On this Julia version:
_ _ _(_)_ | A fresh approach to technical computing
(_) | (_) (_) | Documentation: http://docs.julialang.org
_ _ _| |_ __ _ | Type "?help" for help.
| | | | | | |/ _` | |
| | |_| | | | (_| | | Version 0.5.0 (2016-09-19 18:14 UTC)
_/ |\__'_|_|_|\__'_| | Official http://julialang.org/ release
|__/ | x86_64-pc-linux-gnu
running on:
Ubuntu 14.04.3 LTS
I am trying to do a Monte Carlo simulation in parallel across 36 workers.
I have two problems (at least).
1. Some of the workers terminate at the beginning of the simulation, but I
don't understand the error message:
Worker 5 terminated.ERROR (unhandled task failure): ProcessExitedException()
in yieldto(::Task, ::ANY) at ./event.jl:136
in wait() at ./event.jl:169
in wait(::Condition) at ./event.jl:27
in wait(::Channel{Any}) at ./channels.jl:92
in take!(::Channel{Any}) at ./channels.jl:73
in #remotecall_fetch#606(::Array{Any,1}, ::Function, ::Function,
::Base.Worker, ::Function, ::Vararg{Any,N}) at ./multi.jl:1066
in remotecall_fetch(::Function, ::Base.Worker, ::Function,
::Vararg{Any,N}) at ./multi.jl:1062
in #remotecall_fetch#609(::Array{Any,1}, ::Function, ::Function, ::Int64,
::Function, ::Vararg{Any,N}) at ./multi.jl:1080
in remotecall_fetch(::Function, ::Int64, ::Function, ::Vararg{Any,N}) at
./multi.jl:1080
in
(::Base.##667#668{Base.#+,ProjectModule.##45#47{Int64,Array{Any,1},Array{Any,2}},UnitRange{Int64},Array{UnitRange{Int64},1}})()
at ./multi.jl:1998
This is not a huge problem as the rest of the workers keep going and can
finish the simulation, but I would like to understand what is going on, if
possible. (And maybe how to fix it so as to use those workers.)
2. The more important problem is that at the end of the simulation, I run
into other errors and nothing is returned. My (uninformed and probably
wrong) guess is that there is something the program doesn't like about the
fact that the different workers are finishing at different times?
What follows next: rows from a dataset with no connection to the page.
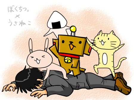 以前紹介した「うさねこ」本のまきのさんとコラボイラストを書いてみました。 (ヨシナガがうさ男に首を絞められているところ・・・?) まきのさん、ありがとうございました!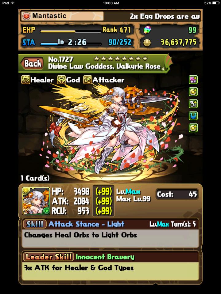 • Uses and team roles: Eye Candy aside, Valkyrie valkpad fills the green slot on rainbow teams as well as being a powerhouse on the light primary rainbow teams. The fact she can be skilled up to 5 turns as well as providing the main damage orb makes her almost irreplaceable. Perhaps I am biased as she was my second hyper max and has an almost guaranteed spot on my Sakuya Sakuya and Light Kali Kali teams. Awakenings are quite strong for a farmable monster as the two prong attack TPA and double light orb enhance +light orb awakenings pushes your damage when combined with at least 3 other +light orb awakenings because it guarentees all light orbs will spawn with a plus and adds +50% more damage for all light monsters. I could probably ramble on more about my love for Valkyrie, but I should restrain and make her own post at a later date =) TLDR, if you own a rainbow or light team get her!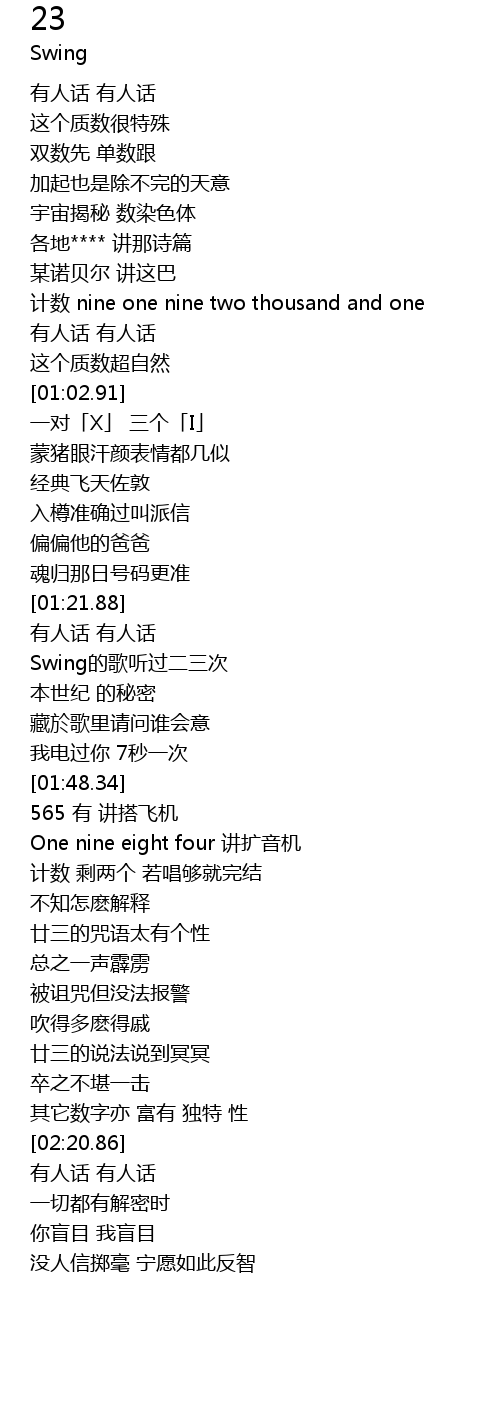 | [02:03.46] | 廿三的咒语太有个性 |

The
errors I get are:
ERROR (unhandled task failure): EOFError: read end of file
Worker 16 terminated.ERROR (unhandled task failure):
ProcessExitedException()
in yieldto(::Task, ::ANY) at ./event.jl:136
in wait() at ./event.jl:169
in wait(::Condition) at ./event.jl:27
in wait(::Channel{Any}) at ./channels.jl:92
in take!(::Channel{Any}) at ./channels.jl:73
in #remotecall_fetch#606(::Array{Any,1}, ::Function, ::Function,
::Base.Worker, ::Function, ::Vararg{Any,N}) at ./multi.jl:1066
in remotecall_fetch(::Function, ::Base.Worker, ::Function,
::Vararg{Any,N}) at ./multi.jl:1062
in #remotecall_fetch#609(::Array{Any,1}, ::Function, ::Function, ::Int64,
::Function, ::Vararg{Any,N}) at ./multi.jl:1080
in remotecall_fetch(::Function, ::Int64, ::Function, ::Vararg{Any,N}) at
./multi.jl:1080
in
(::Base.##667#668{Base.#+,ProjectModule.##45#47{Int64,Array{Any,1},Array{Any,2}},UnitRange{Int64},Array{UnitRange{Int64},1}})()
at ./multi.jl:1998
And -
ERROR: LoadError: ProcessExitedException()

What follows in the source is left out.